What to produce: Reproduce the entries below exactly, but leave the pictures out.

(Data for this task)

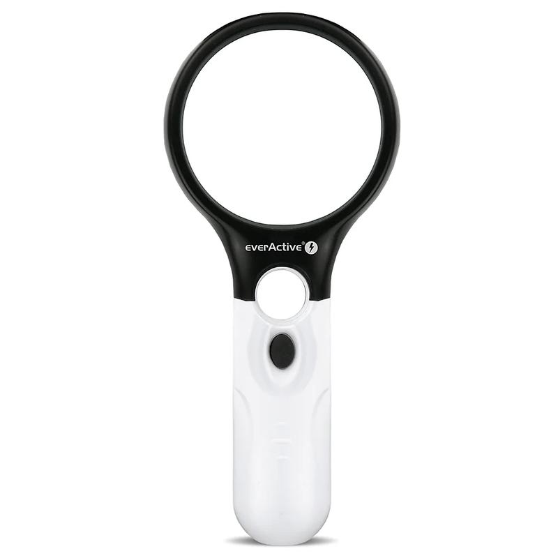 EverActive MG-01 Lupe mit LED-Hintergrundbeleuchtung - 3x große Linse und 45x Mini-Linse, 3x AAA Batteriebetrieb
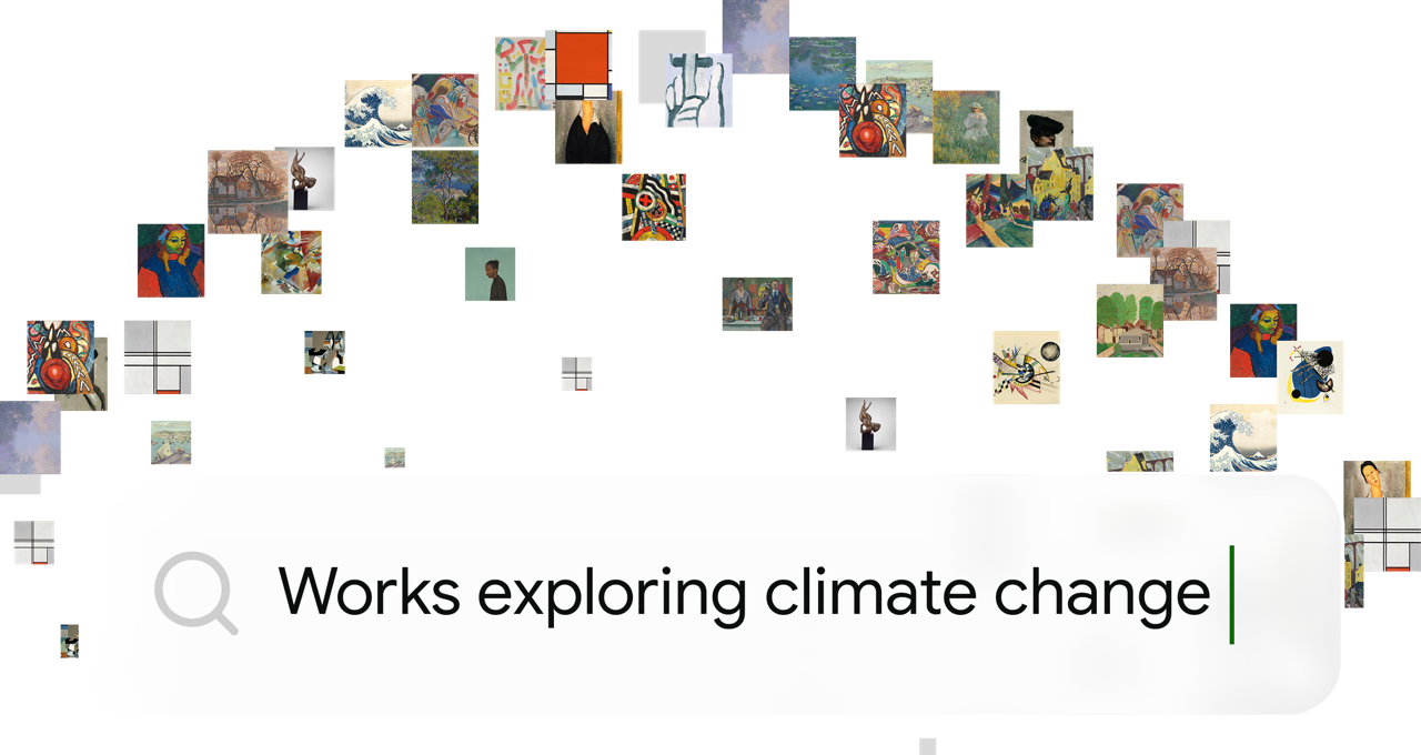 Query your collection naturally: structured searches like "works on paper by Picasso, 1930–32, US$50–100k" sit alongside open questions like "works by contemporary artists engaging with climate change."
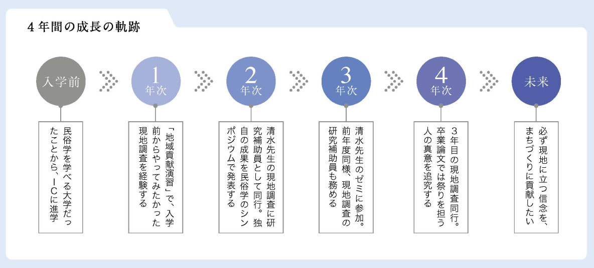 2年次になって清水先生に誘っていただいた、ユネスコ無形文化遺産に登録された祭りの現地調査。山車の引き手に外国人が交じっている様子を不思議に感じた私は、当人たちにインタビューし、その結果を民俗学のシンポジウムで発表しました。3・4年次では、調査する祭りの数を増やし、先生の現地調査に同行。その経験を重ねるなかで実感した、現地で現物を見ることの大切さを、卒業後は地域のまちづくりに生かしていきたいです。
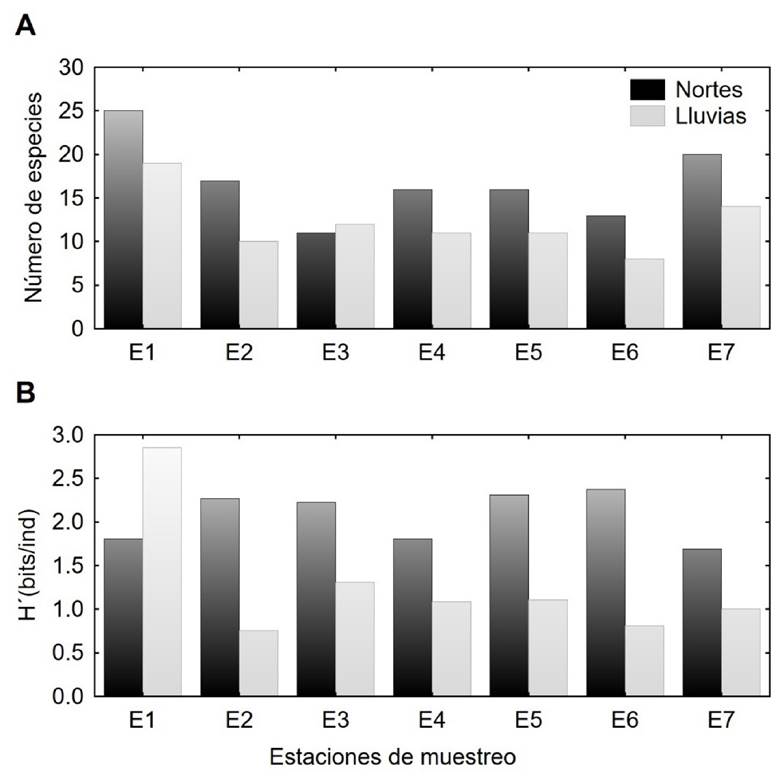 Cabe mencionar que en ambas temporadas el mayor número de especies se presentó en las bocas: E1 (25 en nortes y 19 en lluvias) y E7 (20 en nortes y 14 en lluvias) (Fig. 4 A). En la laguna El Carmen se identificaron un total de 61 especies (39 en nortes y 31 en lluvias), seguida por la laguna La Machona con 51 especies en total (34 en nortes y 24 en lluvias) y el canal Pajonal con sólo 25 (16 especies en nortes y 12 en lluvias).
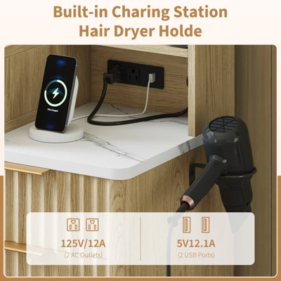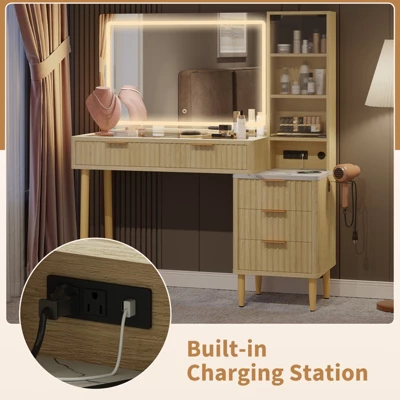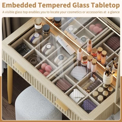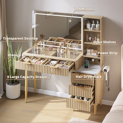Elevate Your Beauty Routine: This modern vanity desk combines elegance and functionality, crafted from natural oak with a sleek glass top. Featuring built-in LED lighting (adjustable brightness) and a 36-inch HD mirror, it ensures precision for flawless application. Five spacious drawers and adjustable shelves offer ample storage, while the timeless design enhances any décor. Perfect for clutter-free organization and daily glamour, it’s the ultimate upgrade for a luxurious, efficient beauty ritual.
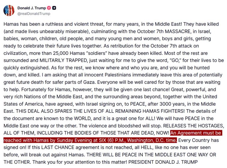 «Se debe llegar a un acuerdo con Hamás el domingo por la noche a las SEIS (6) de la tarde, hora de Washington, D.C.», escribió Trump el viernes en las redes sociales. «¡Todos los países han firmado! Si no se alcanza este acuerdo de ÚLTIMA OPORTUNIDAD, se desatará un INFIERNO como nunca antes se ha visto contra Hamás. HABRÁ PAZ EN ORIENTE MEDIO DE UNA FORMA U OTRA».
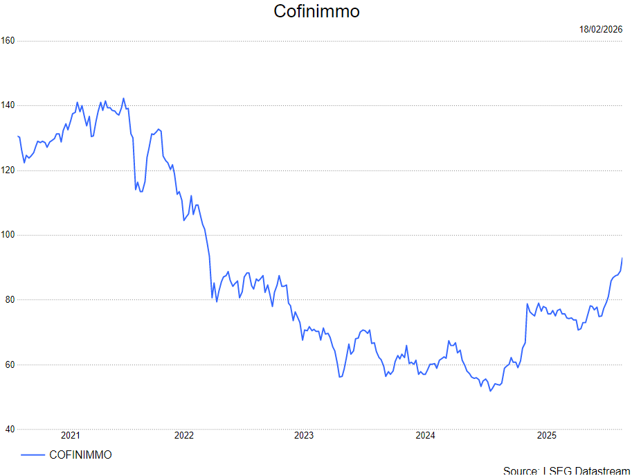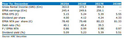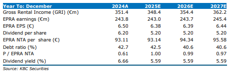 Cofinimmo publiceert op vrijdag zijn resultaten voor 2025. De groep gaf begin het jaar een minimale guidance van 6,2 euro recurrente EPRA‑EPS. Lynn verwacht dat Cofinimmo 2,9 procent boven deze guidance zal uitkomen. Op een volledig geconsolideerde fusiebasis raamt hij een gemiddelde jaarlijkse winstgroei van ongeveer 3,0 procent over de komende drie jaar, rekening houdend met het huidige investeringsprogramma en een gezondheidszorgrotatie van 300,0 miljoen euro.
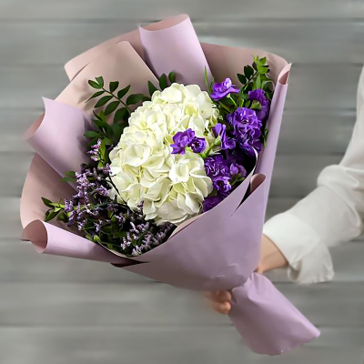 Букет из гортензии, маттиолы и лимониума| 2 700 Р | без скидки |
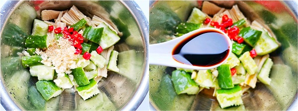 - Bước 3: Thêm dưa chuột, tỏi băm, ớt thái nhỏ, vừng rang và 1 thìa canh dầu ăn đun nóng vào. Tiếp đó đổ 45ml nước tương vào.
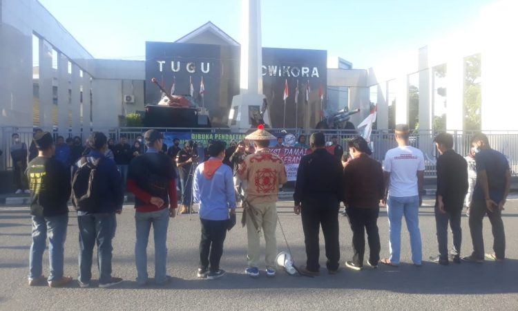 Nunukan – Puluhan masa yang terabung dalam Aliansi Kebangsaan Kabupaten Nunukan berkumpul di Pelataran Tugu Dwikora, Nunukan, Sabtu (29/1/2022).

(End Data for this task)

Solution:
 EverActive MG-01 Lupe mit LED-Hintergrundbeleuchtung - 3x große Linse und 45x Mini-Linse, 3x AAA Batteriebetrieb
 Query your collection naturally: structured searches like "works on paper by Picasso, 1930–32, US$50–100k" sit alongside open questions like "works by contemporary artists engaging with climate change."
 2年次になって清水先生に誘っていただいた、ユネスコ無形文化遺産に登録された祭りの現地調査。山車の引き手に外国人が交じっている様子を不思議に感じた私は、当人たちにインタビューし、その結果を民俗学のシンポジウムで発表しました。3・4年次では、調査する祭りの数を増やし、先生の現地調査に同行。その経験を重ねるなかで実感した、現地で現物を見ることの大切さを、卒業後は地域のまちづくりに生かしていきたいです。
 Cabe mencionar que en ambas temporadas el mayor número de especies se presentó en las bocas: E1 (25 en nortes y 19 en lluvias) y E7 (20 en nortes y 14 en lluvias) (Fig. 4 A). En la laguna El Carmen se identificaron un total de 61 especies (39 en nortes y 31 en lluvias), seguida por la laguna La Machona con 51 especies en total (34 en nortes y 24 en lluvias) y el canal Pajonal con sólo 25 (16 especies en nortes y 12 en lluvias).
Elevate Your Beauty Routine: This modern vanity desk combines elegance and functionality, crafted from natural oak with a sleek glass top. Featuring built-in LED lighting (adjustable brightness) and a 36-inch HD mirror, it ensures precision for flawless application. Five spacious drawers and adjustable shelves offer ample storage, while the timeless design enhances any décor. Perfect for clutter-free organization and daily glamour, it’s the ultimate upgrade for a luxurious, efficient beauty ritual.
 «Se debe llegar a un acuerdo con Hamás el domingo por la noche a las SEIS (6) de la tarde, hora de Washington, D.C.», escribió Trump el viernes en las redes sociales. «¡Todos los países han firmado! Si no se alcanza este acuerdo de ÚLTIMA OPORTUNIDAD, se desatará un INFIERNO como nunca antes se ha visto contra Hamás. HABRÁ PAZ EN ORIENTE MEDIO DE UNA FORMA U OTRA».
 Cofinimmo publiceert op vrijdag zijn resultaten voor 2025. De groep gaf begin het jaar een minimale guidance van 6,2 euro recurrente EPRA‑EPS. Lynn verwacht dat Cofinimmo 2,9 procent boven deze guidance zal uitkomen. Op een volledig geconsolideerde fusiebasis raamt hij een gemiddelde jaarlijkse winstgroei van ongeveer 3,0 procent over de komende drie jaar, rekening houdend met het huidige investeringsprogramma en een gezondheidszorgrotatie van 300,0 miljoen euro.
 Букет из гортензии, маттиолы и лимониума| 2 700 Р | без скидки |
 - Bước 3: Thêm dưa chuột, tỏi băm, ớt thái nhỏ, vừng rang và 1 thìa canh dầu ăn đun nóng vào. Tiếp đó đổ 45ml nước tương vào.
 Nunukan – Puluhan masa yang terabung dalam Aliansi Kebangsaan Kabupaten Nunukan berkumpul di Pelataran Tugu Dwikora, Nunukan, Sabtu (29/1/2022).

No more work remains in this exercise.